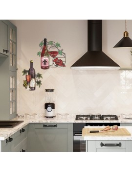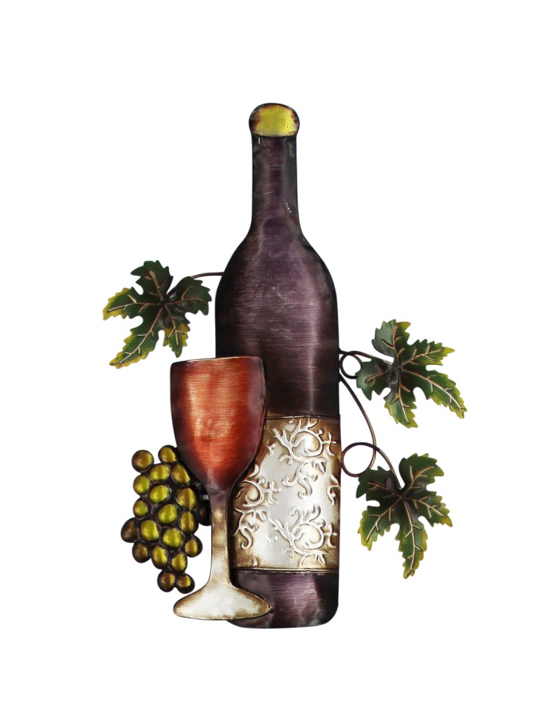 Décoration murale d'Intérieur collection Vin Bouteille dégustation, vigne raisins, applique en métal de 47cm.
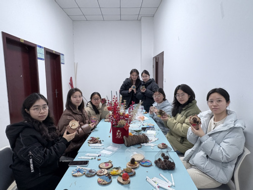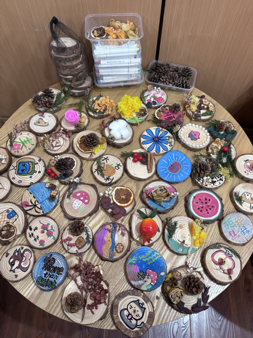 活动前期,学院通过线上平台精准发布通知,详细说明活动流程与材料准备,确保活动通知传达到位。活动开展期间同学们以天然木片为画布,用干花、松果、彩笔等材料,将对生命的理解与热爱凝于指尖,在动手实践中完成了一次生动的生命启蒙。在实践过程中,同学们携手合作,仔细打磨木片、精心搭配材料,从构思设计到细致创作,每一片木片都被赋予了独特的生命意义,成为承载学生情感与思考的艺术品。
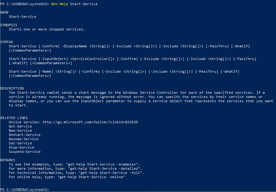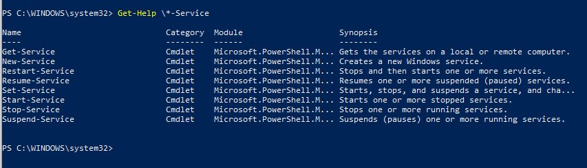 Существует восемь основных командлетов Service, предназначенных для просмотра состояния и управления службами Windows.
------------------------------------------------------------------------
* **WORK REQUEST**: Restate the listing word for word and drop the pictures.

* **REPLY TO THE TASK**:
 Décoration murale d'Intérieur collection Vin Bouteille dégustation, vigne raisins, applique en métal de 47cm.
 活动前期,学院通过线上平台精准发布通知,详细说明活动流程与材料准备,确保活动通知传达到位。活动开展期间同学们以天然木片为画布,用干花、松果、彩笔等材料,将对生命的理解与热爱凝于指尖,在动手实践中完成了一次生动的生命启蒙。在实践过程中,同学们携手合作,仔细打磨木片、精心搭配材料,从构思设计到细致创作,每一片木片都被赋予了独特的生命意义,成为承载学生情感与思考的艺术品。
 Существует восемь основных командлетов Service, предназначенных для просмотра состояния и управления службами Windows.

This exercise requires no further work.